Nè qui solo si restrinsero i benefizii derivati dalla presenza d'Isabella in cotesta casa, chè Orazio, di Marcello non se ne parla nè meno, mano a mano addomesticossi con lei; smise la stramberia del discorso, e qualchevolta degli atti, onde sovente Orazio ebbe a dire:
— Dacchè mi si fece ospite Minerva, è mestieri che tutto intorno a lei pigli le forme regolari e severe del Partenone.
Faceva ad un punto tenerezza e ilarità come Orazio, messi in un canto i suoi libri di politica, di storia e di poesia, si circondasse di trattati di medicina, e quelli giorno e notte leggesse per attingervi norme a mantenere sana l'amatissima figlia; quanto a tenerla divertita già non aveva bisogno di pensarci, pure ci pensava e molto. La mattina si levava per tempo a remuovere dal viale qualche ghiaia male fra le altre sporgente, perchè quando sul mezzodì ella scendeva a passeggiare, a caso non le offendesse i piedi; egli moderava la luce dei lumi, egli solerte persecutore di ogni effluvio odoroso che pungesse più acuto della violetta o dell'ireos; che più?
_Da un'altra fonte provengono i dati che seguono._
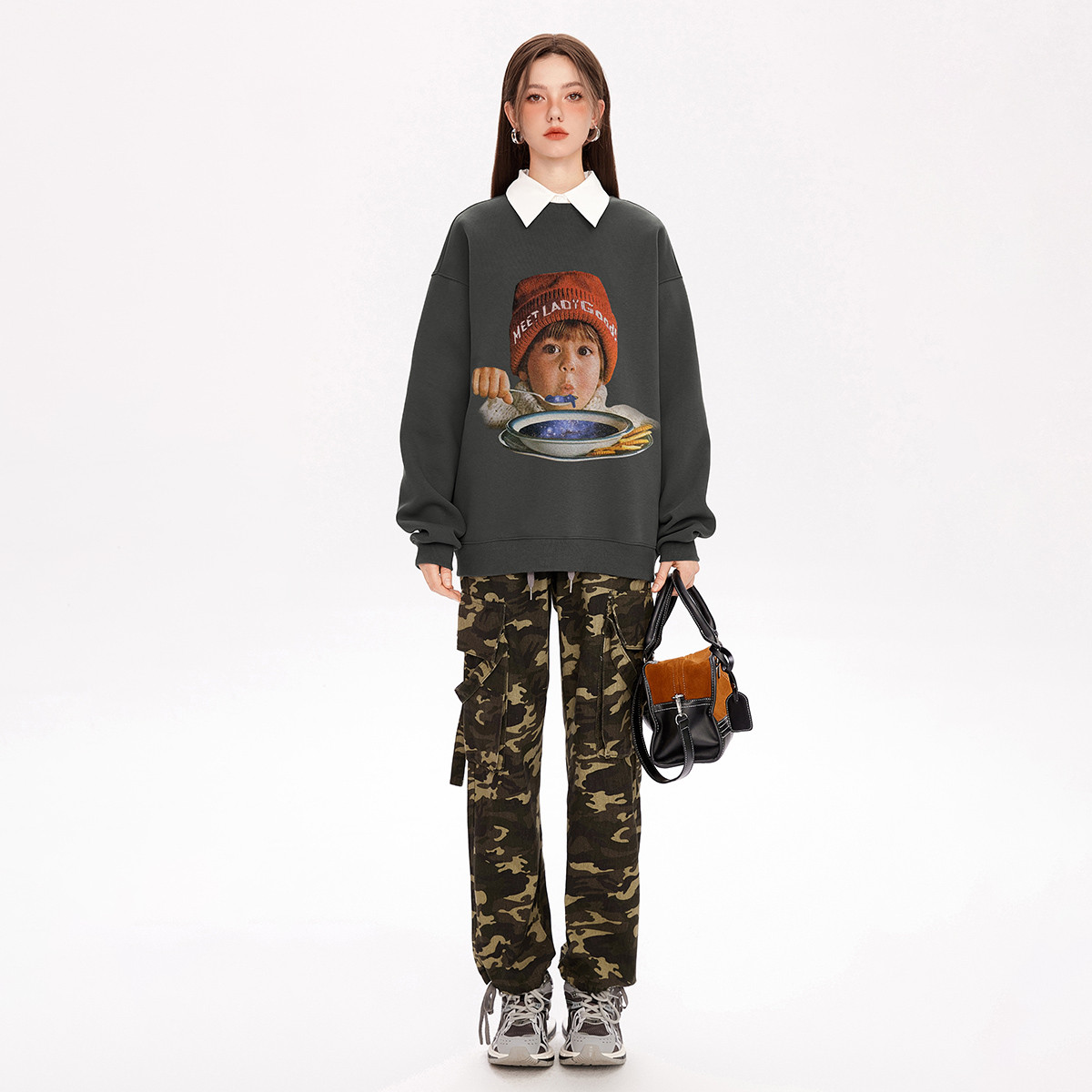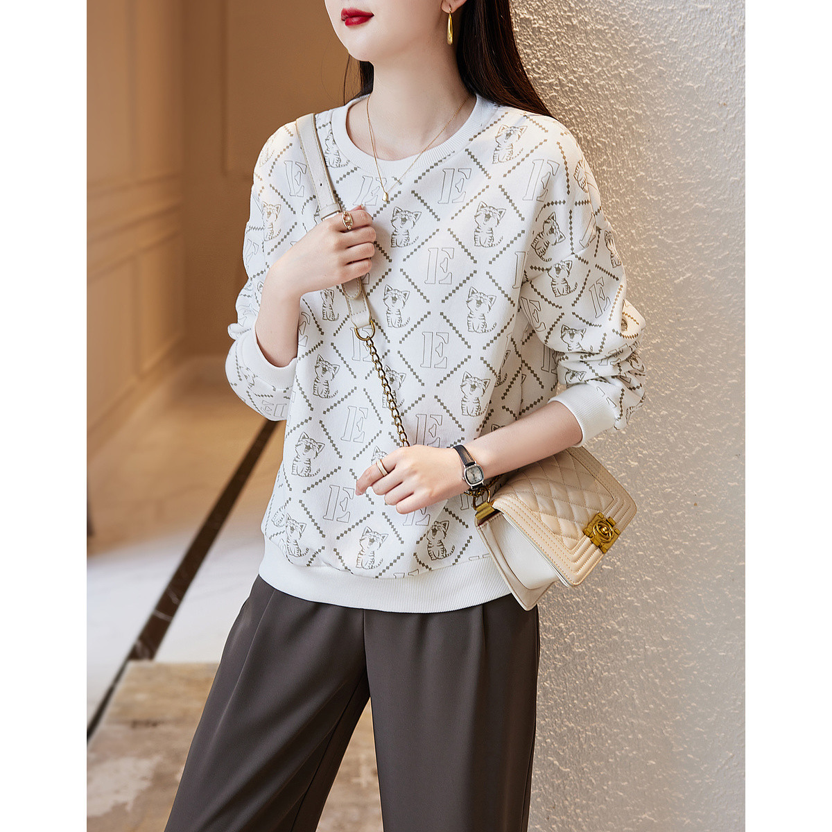 春秋复古印花oversize卫衣女圆领宽松上衣 293780

Prima che sonassero qualche musica in qualche camera a Isabella, egli andava a sentirla provare fuori di casa e là dove gli paresse in qualche punto un po' troppo vibrata, egli per amore dei nervi della figliuola faceva, se potevasi, moderarne i tuoni; diversamente ne sceglieva un'altra; per lo più stava al Bellini, vero Tibullo dell'arte dei suoni. — Povero vecchio! Egli era un miracolo di amore; veruno, e per avventura neppure egli, avrebbe sospettato che la sua anima serbasse tanto tesoro di affetto.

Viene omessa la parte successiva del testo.